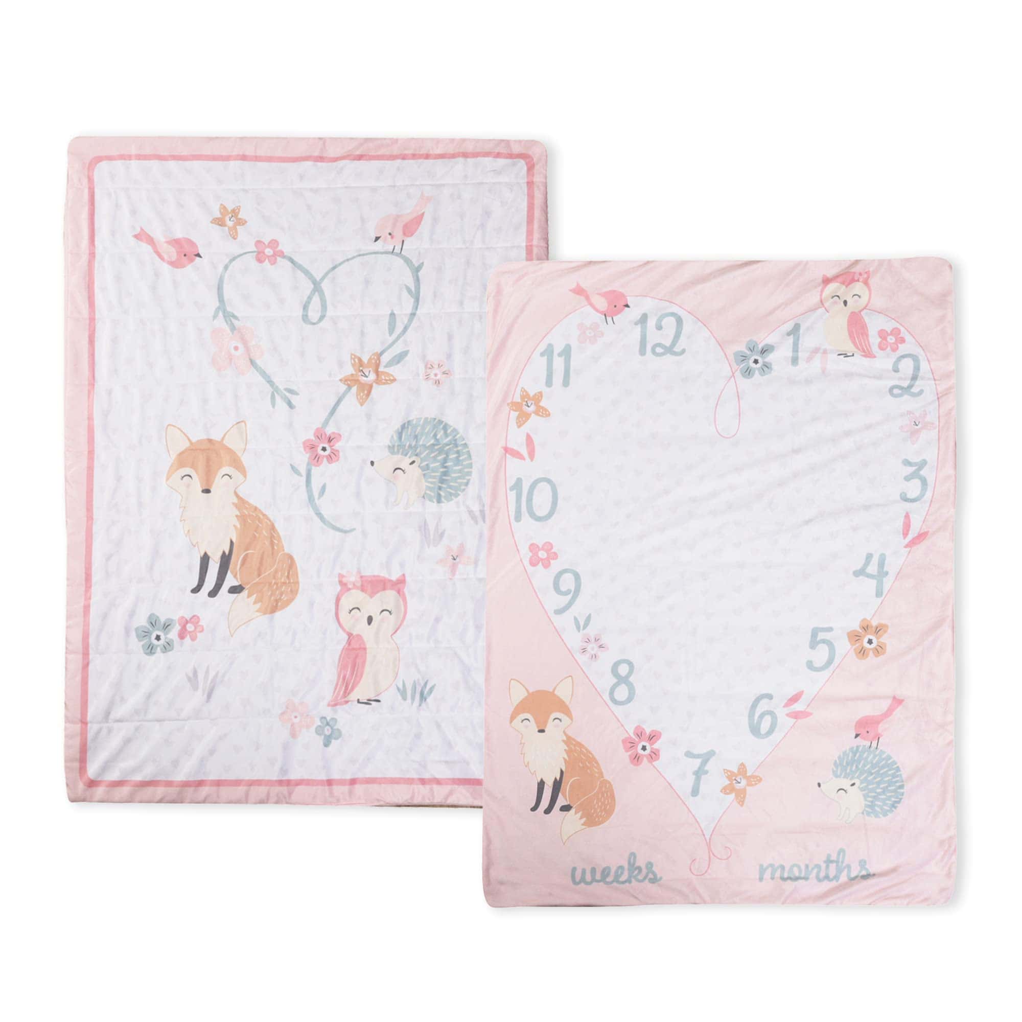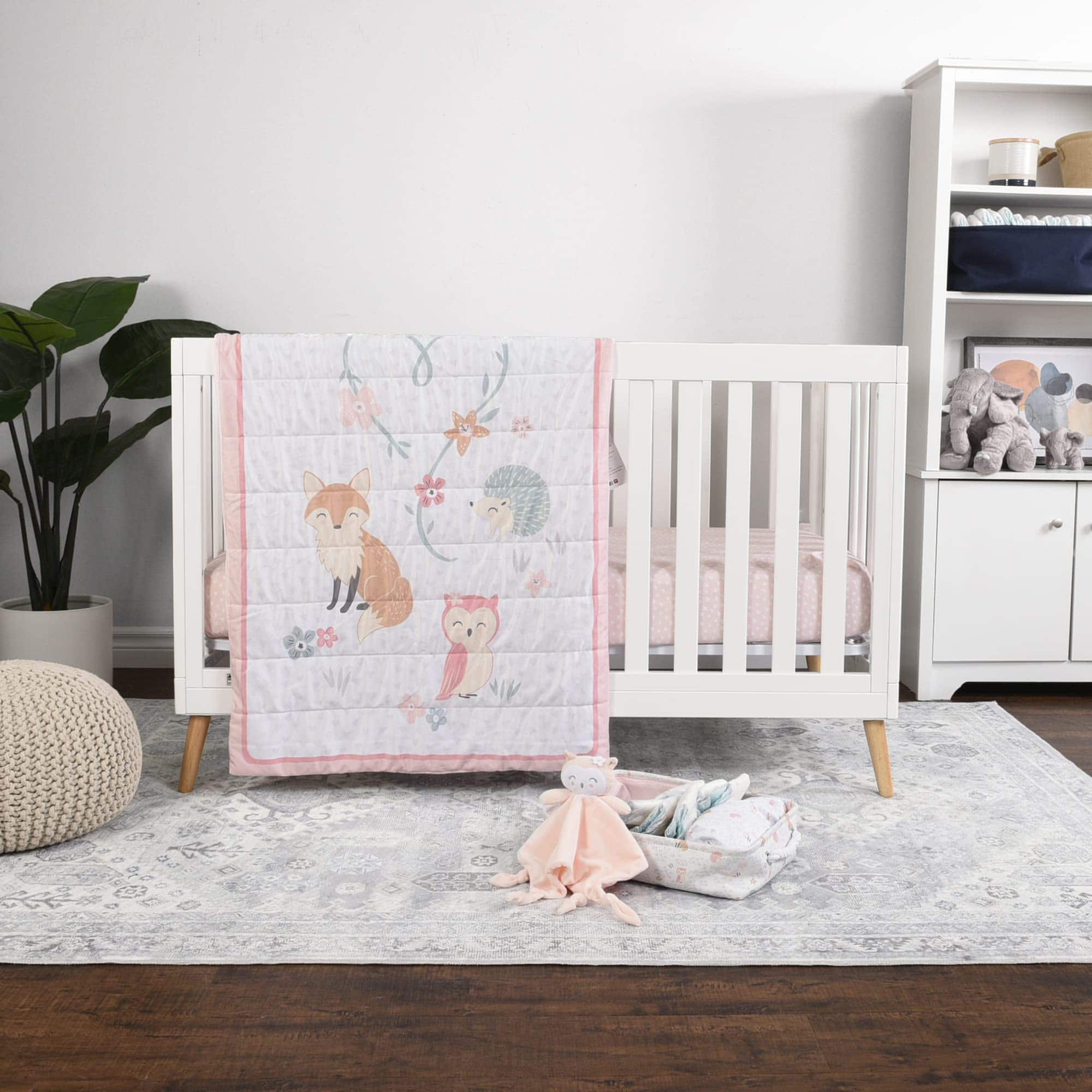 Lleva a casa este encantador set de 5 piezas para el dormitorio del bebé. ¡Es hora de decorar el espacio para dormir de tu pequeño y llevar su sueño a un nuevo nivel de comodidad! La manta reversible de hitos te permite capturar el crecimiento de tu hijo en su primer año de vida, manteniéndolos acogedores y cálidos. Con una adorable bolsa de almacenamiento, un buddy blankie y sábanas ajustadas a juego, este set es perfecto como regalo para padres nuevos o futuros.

────────────────────────────────────────

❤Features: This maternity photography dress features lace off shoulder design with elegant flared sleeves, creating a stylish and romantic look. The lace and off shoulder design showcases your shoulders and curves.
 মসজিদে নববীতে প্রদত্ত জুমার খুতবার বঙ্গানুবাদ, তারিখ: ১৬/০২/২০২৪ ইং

────────────────────────────────────────

**TASK GOAL**
Using the entries above, give again exactly the lines from the line holding "shoulders and curves." through the line holding "মসজিদে নববীতে প্রদত্ত". Include both end lines and nothing else.

**ANSWER BOX**
❤Features: This maternity photography dress features lace off shoulder design with elegant flared sleeves, creating a stylish and romantic look. The lace and off shoulder design showcases your shoulders and curves.
 মসজিদে নববীতে প্রদত্ত জুমার খুতবার বঙ্গানুবাদ, তারিখ: ১৬/০২/২০২৪ ইং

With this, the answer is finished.